• [Exercise details]:
Your response to the data below should hold nothing except the lines from the one containing "kab-jombang.kpu.go.id- KPU Kabupaten" down to the one containing "Łazienka : prysznic, WC,   umywalka, lustro, pralka, komplety", reproduced exactly and without pictures.

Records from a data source
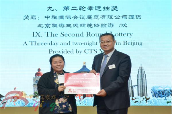 (北京市旅游委执法大队大队长祝学庆先生为幸运嘉宾颁奖)
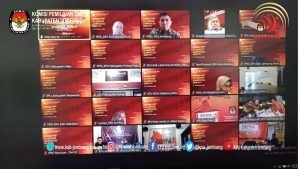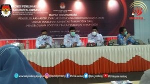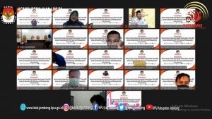 kab-jombang.kpu.go.id- KPU Kabupaten Jombang menjadi narasumber pendidikan politik sayap pemuda parpol yang diadakan Badan Kesatuan Bangsa dan Politik (Bakesbangpol) bagi garda pemuda parpol atau kaum milenial di gedung KORPRI Jombang dengan protocol Kesehatan yang keta, Kamis (28/10). Kegiatan pelatihan Pendidikan Politik dibuka Bupati Jombang Mundjidah Wahab. Turut hadir dalam kegiatan Ketua DPRD Jombang Mas’ud Zuremi, Johan Fitriadi Kabid Budaya Politik Bakesbangpol Jawa Timur, serta Rita Darmawati, Komisioner KPU Jombang.
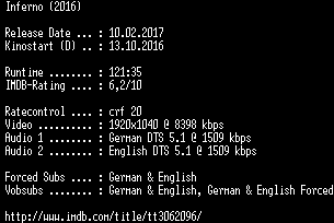 | FiLENAME: | Inferno.2016.German.DTS.DL.1080p.BluRay.x264-COiNCiDENCE.mkv |
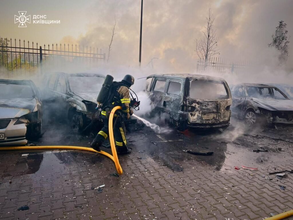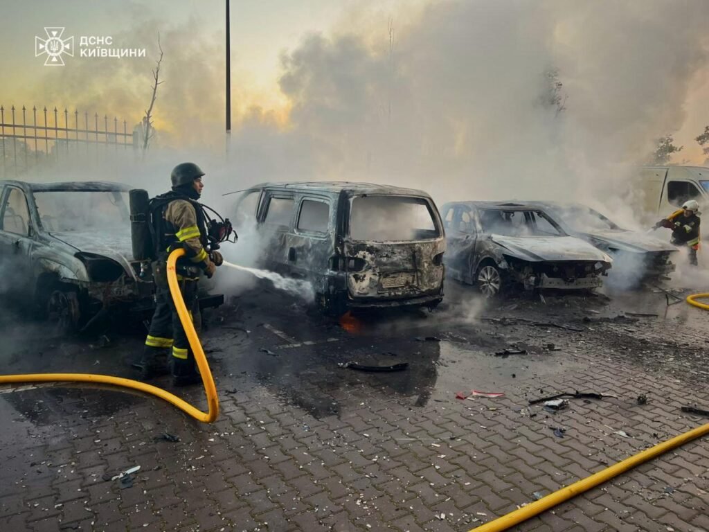 У Бучанському районі унаслідок атаки знищено 5 автомобілів, ще 8 пошкоджено. Також вибито скління у багатоповерховому будинку.
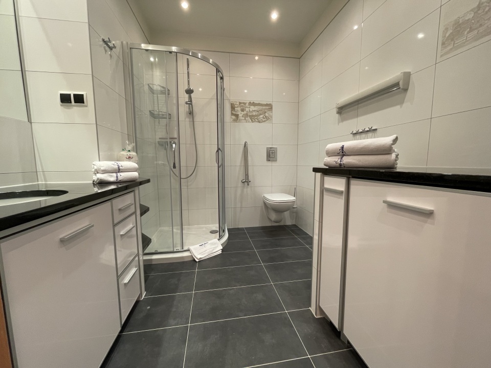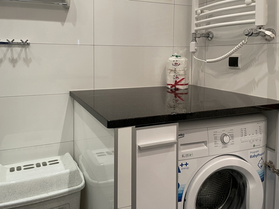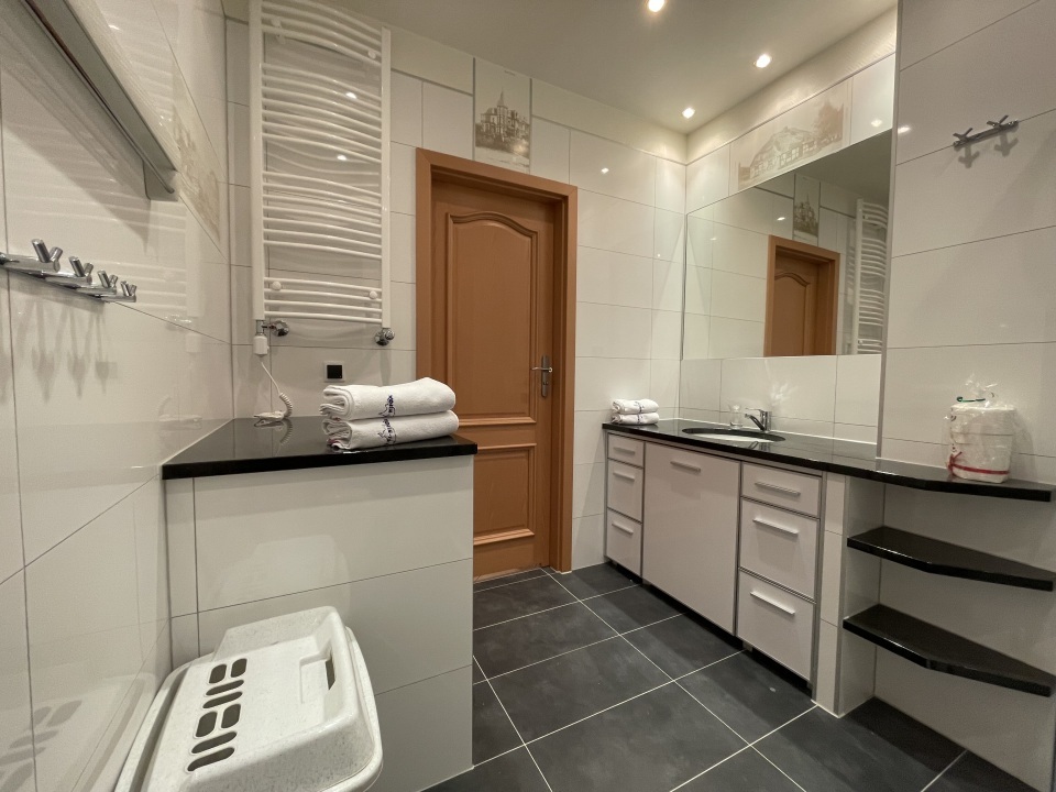 Łazienka : prysznic, WC,   umywalka, lustro, pralka, komplety , ręczników
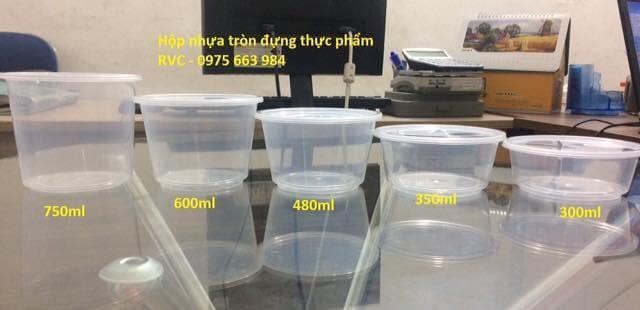 - Hộp nhựa tròn 120ml, 250ml, 300ml, 350ml, 480ml, và 600ml của RVC được sản xuất từ chất liệu PP dùng đựng được thực phẩm nóng, hâm được trong lò vi sóng, mang đến những bữa ăn nóng hổi, vô cùng tiện lợi.
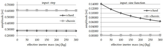 mI of about 5 kg. This is close to the low point of the chassis oscillation at a sine input and to the minimum of the amplitude by the wheel based on a step input. Furthermore, the amplitude of the chassis for a step input is reduced by 3.0%. On top of that, at a
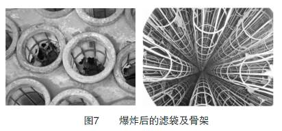 隨著袋式除塵器的普及,袋式除塵器粉塵爆炸事故也呈上升趨勢。如上海某鋼廠的干熄焦除塵系統(tǒng),由于前部阻火墻制造的問題,造成火星進入除塵器內(nèi)從而引起爆炸,將除塵器進口管道盲板炸出幾十米遠,除塵器箱體嚴重變形。又如沈陽某機制炭廠,由于鋸末在炭化過程中產(chǎn)生大量的焦油和碳氫化合物等易燃、易爆物質(zhì),而且焦油粘在濾袋上隨著時間推移越積越多,當有火星進入除塵器后就引起了除塵器爆炸。除塵器爆炸瞬間所產(chǎn)生的能量可使花板嚴重變形,濾袋爆裂情況見圖7。
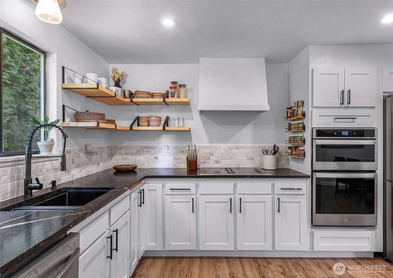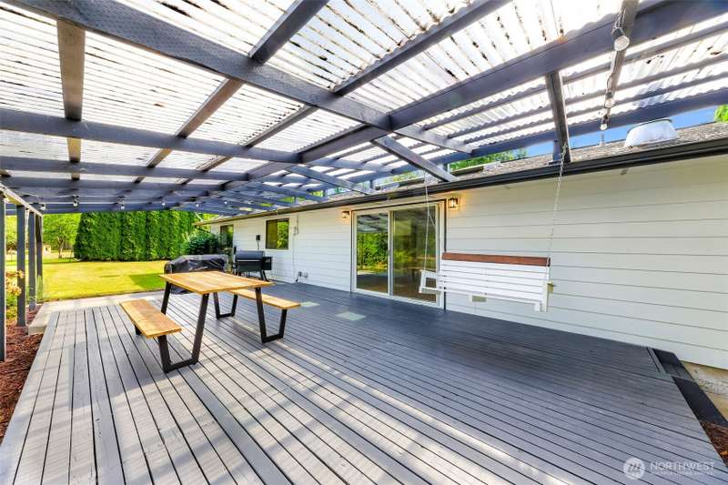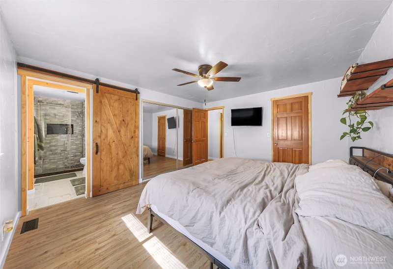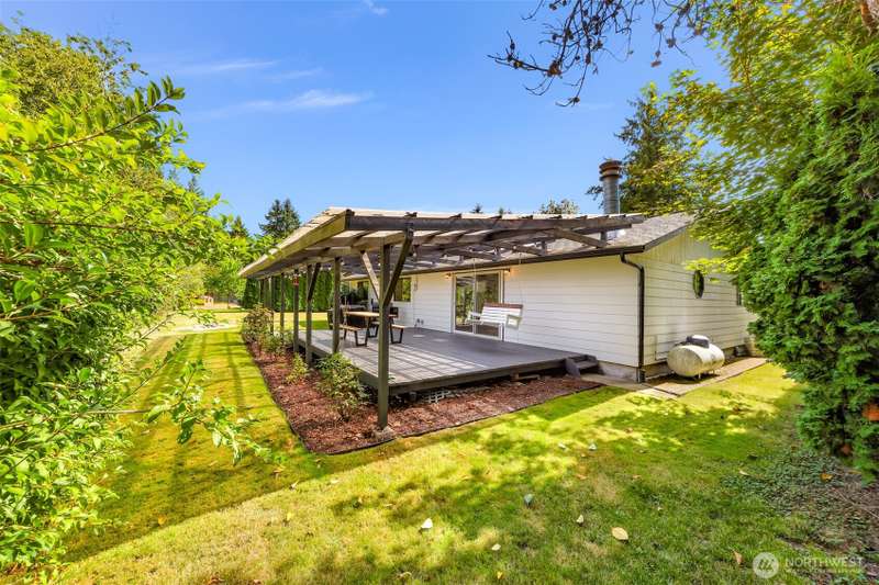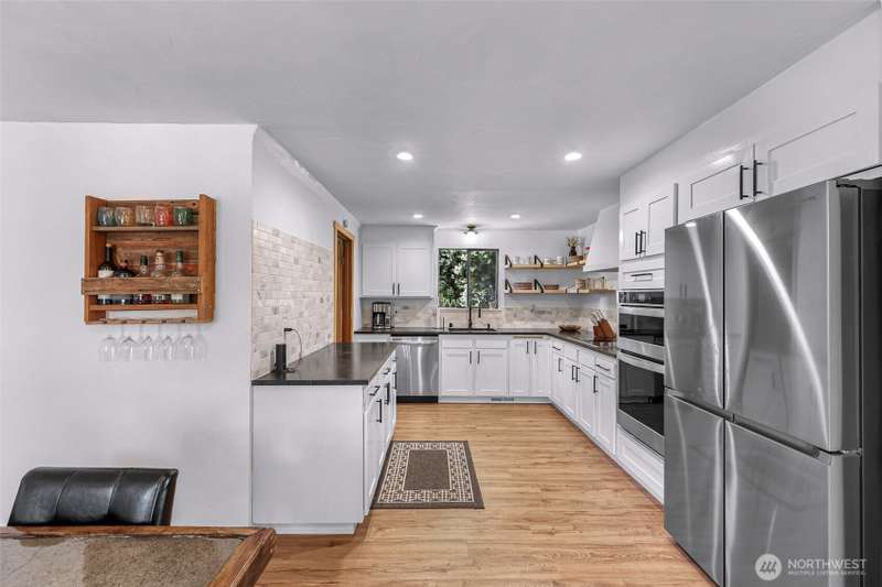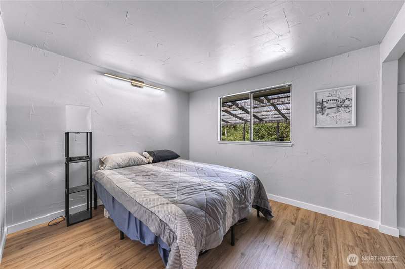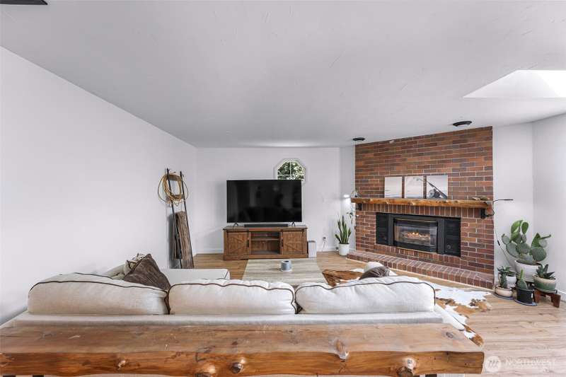 Wonderfully updated single level home on the Samish river. Huge living room with fireplace, skylights, & slider to the large covered back deck. Great back yard is just steps to the river to watch the salmon swim up-river to spawn. Established garden space with watering system, firepit, well cared for landscaping, & newer exterior paint. Open kitchen features new soapstone countertops, open shelving, & stainless steel appliances. Large garage connects to home through oversized utility room with new washer & dryer. Good sized bedrooms and baths with lots of updates throughout including LVP flooring, bathroom updates, new lighting, & A/C! Large lot with room for boat or RV parking on side of home. Come see all this great home has to offer!
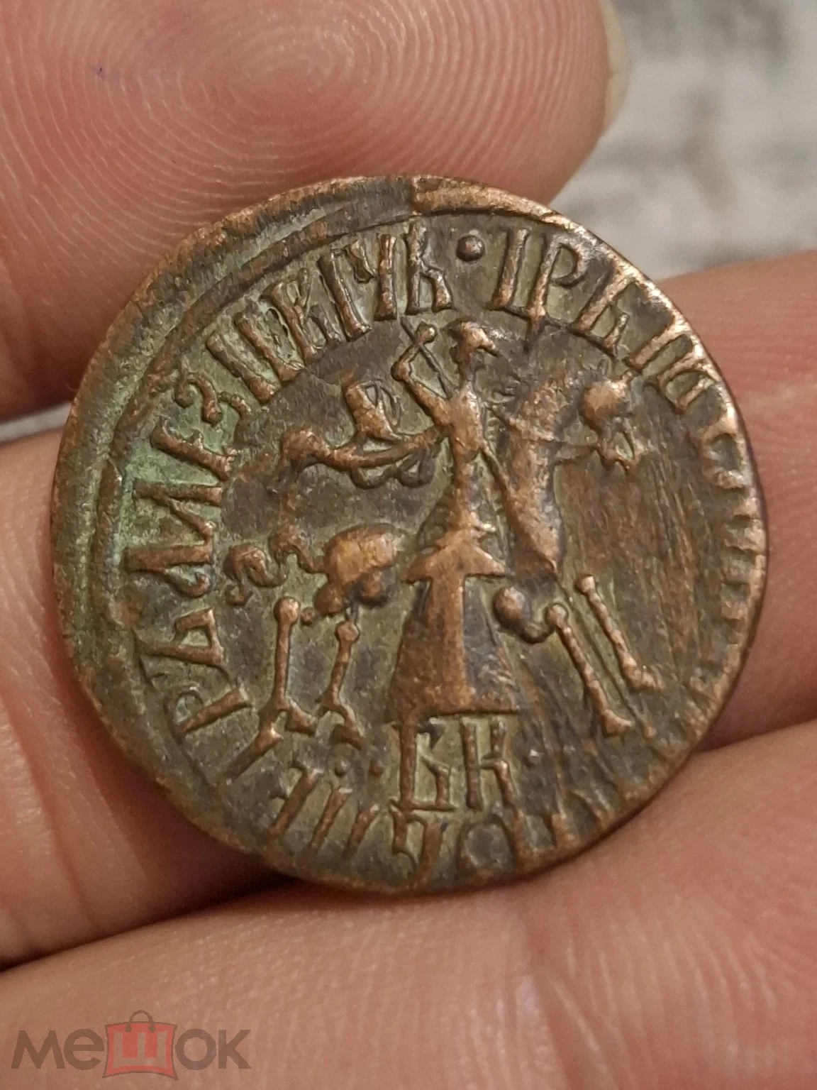 Представленная монета — медная копейка 1710 года, отчеканенная в период правления Петра I. Несмотря на привлекательный внешний вид, большинство экспертов в комментариях признали её фейком. Основной причиной сомнений являются неестественные, нехарактерные для подлинных монет того времени, очертания букв на легенде.

• [Exercise response]:
 kab-jombang.kpu.go.id- KPU Kabupaten Jombang menjadi narasumber pendidikan politik sayap pemuda parpol yang diadakan Badan Kesatuan Bangsa dan Politik (Bakesbangpol) bagi garda pemuda parpol atau kaum milenial di gedung KORPRI Jombang dengan protocol Kesehatan yang keta, Kamis (28/10). Kegiatan pelatihan Pendidikan Politik dibuka Bupati Jombang Mundjidah Wahab. Turut hadir dalam kegiatan Ketua DPRD Jombang Mas’ud Zuremi, Johan Fitriadi Kabid Budaya Politik Bakesbangpol Jawa Timur, serta Rita Darmawati, Komisioner KPU Jombang.
 | FiLENAME: | Inferno.2016.German.DTS.DL.1080p.BluRay.x264-COiNCiDENCE.mkv |
 У Бучанському районі унаслідок атаки знищено 5 автомобілів, ще 8 пошкоджено. Також вибито скління у багатоповерховому будинку.
 Łazienka : prysznic, WC,   umywalka, lustro, pralka, komplety , ręczników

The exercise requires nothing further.